Character
PHYSICAL DESCRIPTION
The young jedi is a zabrak, still a bit short for his age. For a lot of people, his size, his weight, seems to be those of a younger zabrak than himself. Even if Zevran likes to think of this as just a setback, he is probably never going to get as tall as his peers. Outside of his size, it's easy to see that the zabrak maintains an athletic condition, being fit for his size and liking to put his speed and agility to the test. The young padawan can be recognized by the little horns, four of them, on the top of his head, and the tribal tattoos on his face. Tattoos he got from coruscant, very young, as a memory of the people he grew up with. Zevran has a beige skin, with black tatoos and few brown hair. He only has a small amount of hair, just a mohawk with a braided ponytail behind him.

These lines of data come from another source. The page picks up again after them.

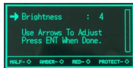
Figure 13. Set Brightness

There are four different settings of brightness for the display. The default value is 4 and it's the maximum brightness.
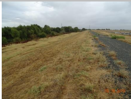
View looking downstream waterside at the well maintained annual vegetation, Fall 2019.
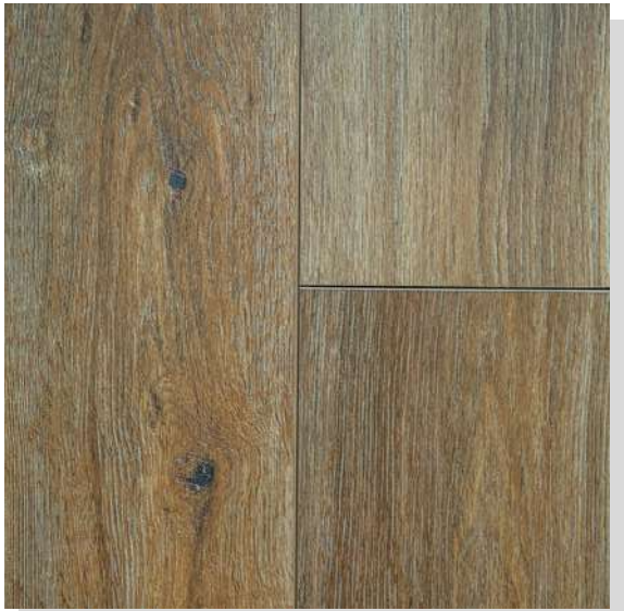
SUNSET RA-11, AC 4 1215MM X 193MM X 12MM PLANK PRAGUE COLLECTION

Most of the time, the little zabrak can be seen with a smile on his face and jedi robes on him. Ever since he joined the temple, Zevran has always worn the Order's robes. His are of a dark brown, with a slightly darker belt. He wears dark leather boots most of the time. On his belt there are multiple pouches with a bit of everything - mostly useless stuff that he likes to collect. However, there is just one thing that can easily attract attention outside the temple, the weapon and tool of a Jedi: his padawan lightsaber.
For those encountering the zabrak for the first time, he seems like someone sure of himself, curious, with a strangely calm presence despite his more vigorous personality. Zevran is a strange encounter for some people, sometimes being calm like you would expect a jedi to be, sometimes way more hasty on certain subjects.
INVENTORY
Zevran does not possess a lot of things. Aside from his Jedi robes, the one thing he holds dear is his lightsaber — the symbol of what he did, of what he is, and to him, of what he will be. The little weapon is his pride: a short one fitting his size, with a silver grip and a black chamber to hold the kyber crystal igniting his blue blade.
PERSONALITY AND BELIEFS
The galaxy is a vast place. There are too many planets to see, yet this is something he has always wanted to do. When you're born below the surface on Coruscant, hearing of a thousand worlds with different landscapes sounds more like a child's dream than reality. Yet Zevran has always wanted to see the galaxy for what it is — to witness worlds of sand, of trees, of oceans. Just stories he heard as a child. But now more than ever, his will to see the galaxy is at the center of his life.
Curious about this and many other things, the Padawan can appear hasty and impatient when he knows there is something to be seen. For the Padawan, wonders are meant to be seen, felt, and understood. His eagerness to discover and explore is often what could be described as the first impression when meeting Zevran. When people get to know the young Zabrak a bit better, he shows a different side. Despite his still very present eagerness to explore, he is generally far more level-headed in other circumstances. He is more focused, calmer, when the situation does not revolve around discovering new landscapes or unknown places. Zevran is honest, judgmental, and quite cynical. Most of the time, he doesn't refrain from saying what he thinks, not really considering the consequences of his words. For some, it can easily be seen as a lack of respect — for he will not hesitate to speak his mind, regardless of the rank of whoever he's talking to. Holding strong beliefs of his own, he doesn't hesitate to go against common opinions or to speak out of turn. Even though acting on it can be trickier, he might still go on, if he believes it's the right thing to do.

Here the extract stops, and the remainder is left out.